# it has arrived



## just_tim (Sep 10, 2005)

my new bow has arrived finnaly, martin couger 35-50# and goes up to 30" draw leangth (have to shorten that up a bit :wink: ) but a very good bow, I have a four point crosshair martin sight for it, and a drop away rest. also it has a 60% let off.
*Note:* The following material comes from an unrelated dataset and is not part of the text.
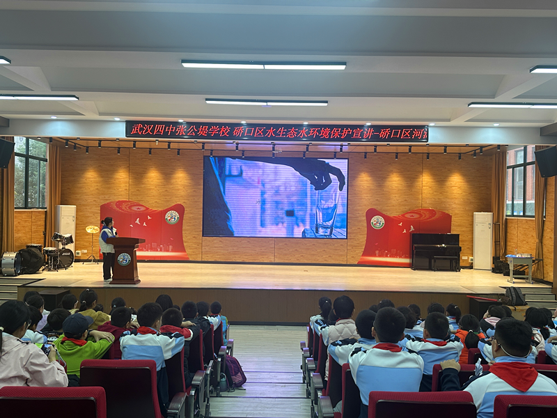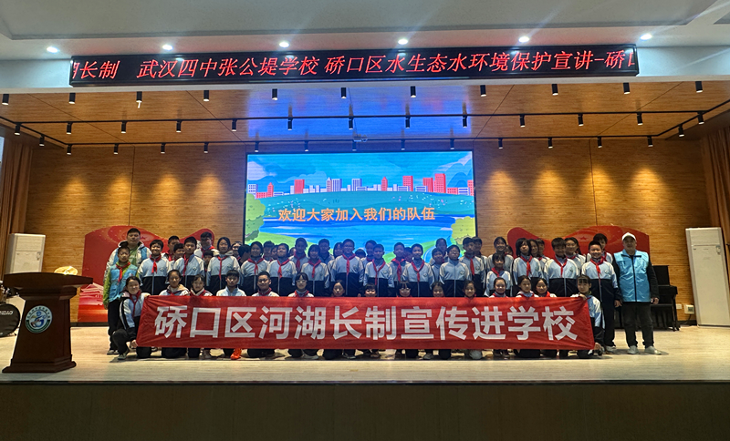 为科普河湖长制工作相关知识,提高青少年对河湖保护的认知度和参与度,营造全民参与治水的良好社会氛围,11月22日,硚口区水务和湖泊局联合共青团硚口区委员会、武汉爱我百湖志愿者协会组织开展主题为“绿水青山共守护,河湖宣传进校园”的宣讲活动。硚口区红领巾小小河湖长牵手武汉四中张公堤校区的学生、老师和志愿者共同在活动现场绽放光彩。

Iam very very happy  can't wait I can shoot it for the first time. :smile: I feel like a kid on cristmas eve.


----------



## shooter07 (Mar 29, 2004)

i love that feeling... of looking at a new bow and getting ready to shoot it for the first time... nothing like it... good luck and good shooting...


----------



## just_tim (Sep 10, 2005)

thanks shooter, I just shot it today to after I got all my gadgets on and got it mostly tuned.


----------



## Selil (Sep 5, 2005)

We short stringed just_tim's bow, took the poundage down, added a new rest, tightened up his sight, and tuned it a bit. He's shooting good groups, and has been working on his form. I'm in the dog house with mom ($$$), but I think the big smile is worth it.


----------



## jdoginAr (May 11, 2005)

:smile:  congrats, i also love the feeling of a new bow


----------



## Makeda (Aug 8, 2005)

I just got a new Martin Tigress and I absolutely love it. I was shooting a ton better the first day. Good luck with the new bow Tim.


----------



## << Volcom >> (May 25, 2004)

good luck, you will love the cougar, or any martin for that matter.
cam


----------